Wiem jednak, że korzyść materialna, nie jest jedynym i całkowitym wyznacznikiem ludzkiej motywacji. Potrzebujemy także, choć trudniej to dostrzec, bycia z innymi ludźmi, dzielenia się z nimi wiedzą a przez to samorealizacji. To już podstawy współczesnej psychologii. Ale dowodów nie trzeba szukać daleko. W tym kraju organizuje się niezliczoną ilość konkursów matematycznych. I faktem jest, że część organizatorów, ma już za sobą całą ścieżkę awansu zawodowego, i na prawdę trudno byłoby znaleźć tzw. obiektywne powody, dla których dalej wykonują tą społeczną pracę.
Sam NiM także funkcjonuje już blisko 20 lat w warunkach rynkowych, cały czas opierając się na niematerialnym zaangażowaniu grupy ludzi. Potencjał zatem cały czas jest, trzeba go tylko odnaleźć. Może niekoniecznie w jednej lub dwóch osobach, ale w szerszej grupie. Gdy każdy doda małą cześć od siebie to powstanie duże dzieło.
Nie szukajmy straceńców, którzy kosztem swojego życia zawodowego i rodzinnego poświęcą się sprawie. Stwórzmy warunki, aby możliwie dużo osób, odnalazło tu swoją cegiełkę i miało możliwość jej dodania.
Przypomina mi się scena z filmu Davida Lyncha “Prosta historia”. Główny bohater, stary człowiek,, opowiadał młodej dziewczynie, jak uczył swoje dzieci. Mówił im: niech każde z was weźmie patyk, a potem go złamie. A teraz znów niech każde weźmie patyk, złóżcie je razem i teraz spróbujcie złamać…

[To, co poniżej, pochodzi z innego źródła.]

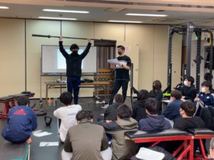 2021.03.09 2年生特別授業~Ⅱ~ 先週金曜日に引き続き昨日も2年生を対象とした特別授業がありました。 昨日はCFSC資格取得に向けた授業でもご指導いただいている、 永島先生にお越しいただき実施していただきました。 昨年授業で学んだ内容を現場で活用するための プログラム作成についてご指導いただきました。 2年生は1年ぶりのCFSCということもあり、 復習としても非常に貴重な時間となりました。 卒業後にはそれぞれの現場で活用していただきたいと思います! 前の記事 記事一覧 次の記事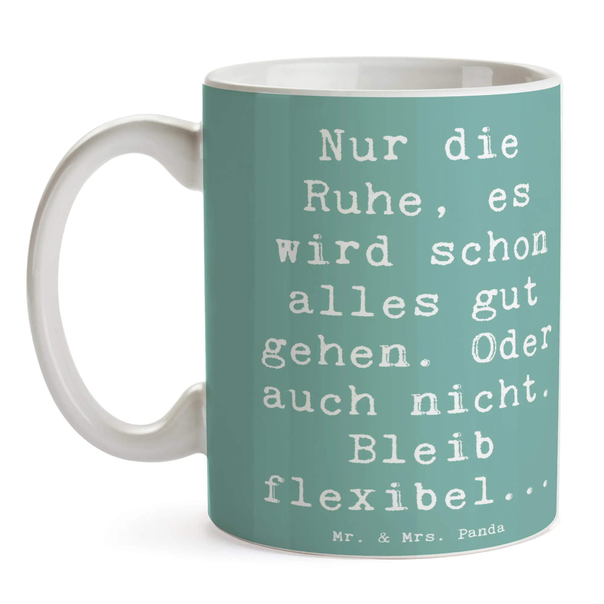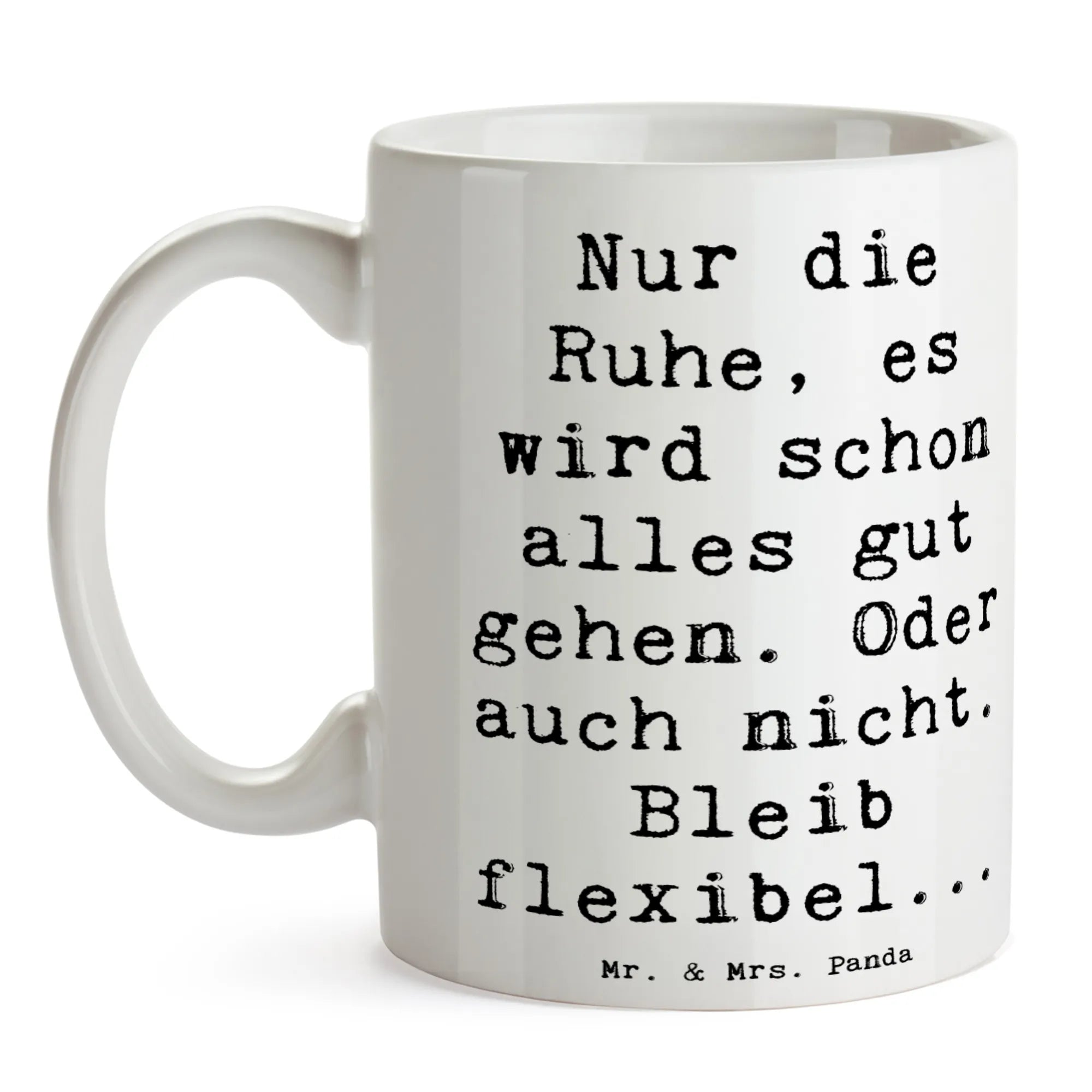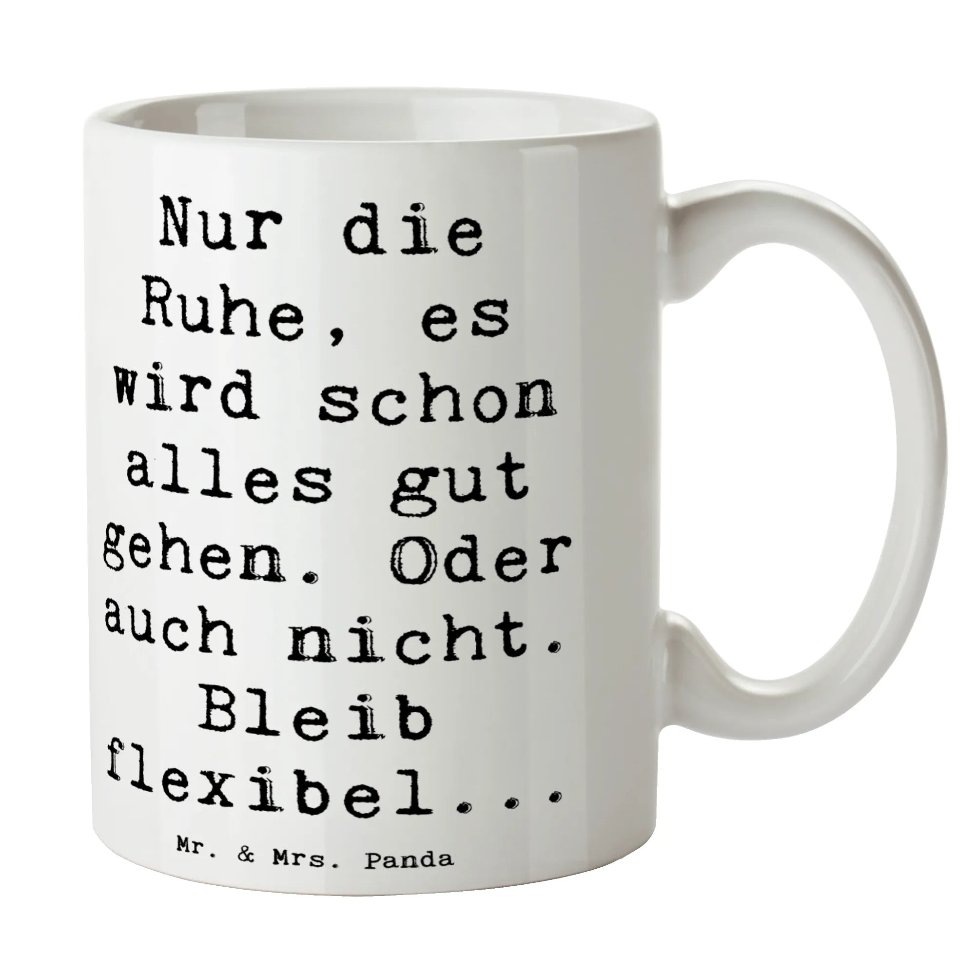 Mr. & Mrs. Panda Tasse „Gelassenheit in Krisen“ – die perfekte Kaffeetasse mit Spruch für alle Tage. Wenn der Alltag dich einholt, schenkt dir diese Tasse einen kleinen Augenblick der Ruhe und ein Augenzwinkern. Der liebevoll gestaltete Spruch „Nur die Ruhe, es wird schon alles gut gehen. Oder auch nicht. Bleib flexibel...“ ist ein Mutmacher und passt wunderbar zu Kaffee, Tee oder Kakao. ☕️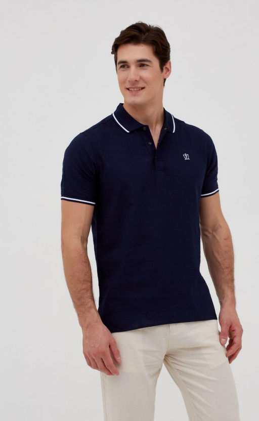 Футболка-поло льняная мужская F011-0770 тёмно-синяя

Krzysiek said,20 grudnia 2009 @ 17:01 ·
Nie ma czegoś takiego jak praca społeczna. To się źle kojarzy. Za każdą pracę należy się zapłata, tylko forma tej zapłaty może być inna od wynagrodzenia finansowego. Kiedy moja uczelnia nie miała pieniędzy na wynagrodzenia dla pracowników, pracowałem za “bóg zapłać”, a “zapłatą” była nadzieja, że wspólnie przeżyjemy kryzys. I tak się stało.
Czasopismo powinno zarabiać na siebie reklamami albo poszukać sponsorów i płacić za artykuły choćby symboliczną złotówkę. Rozumiem, że dla części piszących zapłatą była możliwość awansu zawodowego, gdzie warunkiem koniecznym jest dzielenie się wiedzą. Awans dokonany to i pisać się nie chce…

Henryk Kąkol said,20 grudnia 2009 @ 11:50
Dziwny jest ten świat. Dopiero o niektórych sprawach dowiaduję się w tym miejscu. Prawie jak w normalnej, plugawej polityce. Ale dorzeczy. Od dłuższego czasu wśród członków SNM (w tym członków ZG SNM też) toczy się dyskusja o profilu czasopisma SNM+TI. Na konferencji w Gdańsku będzie specjalny panel poświęcony temu zagadnieniu. Problemy, które towarzyszą temu zagadnieniu są bardzo trudne i jest ich wiele. Zwrócę uwagę tylko na jeden. Na platformie http://snm.edu.pl/czlonkowie/ są otwarte fora dyskusyjne, w tym także obok elektronicznej wersji czasopisma. Przyznam, jest ona źle zarządzana, nie mogę niestety znaleźć członka SNM, który podjąłby się tego zadania, ale nikt tam nie pisze, rzadko kto zagląda (trzeba się zalogować, a nawykiem pamiętania loginu i hasła, i z czasem też jest różnie). Problem tkwi w tym, że coraz trudniej znaleźć Judymów, ludzi którzy poświęciliby swój czas (czasem kosztem rodziny, pracy zawodowej) innym I to jest jedna z głównych przyczyn postępującego marazmu, w tym także sytuacji z NiM+TI.
P. S.
Coś się dzieje niedobrego w pracy społecznej. Szacowne ATM w Anglii przestało istnieć (taka dostałem wiadomość, oby była nieprawdziwa).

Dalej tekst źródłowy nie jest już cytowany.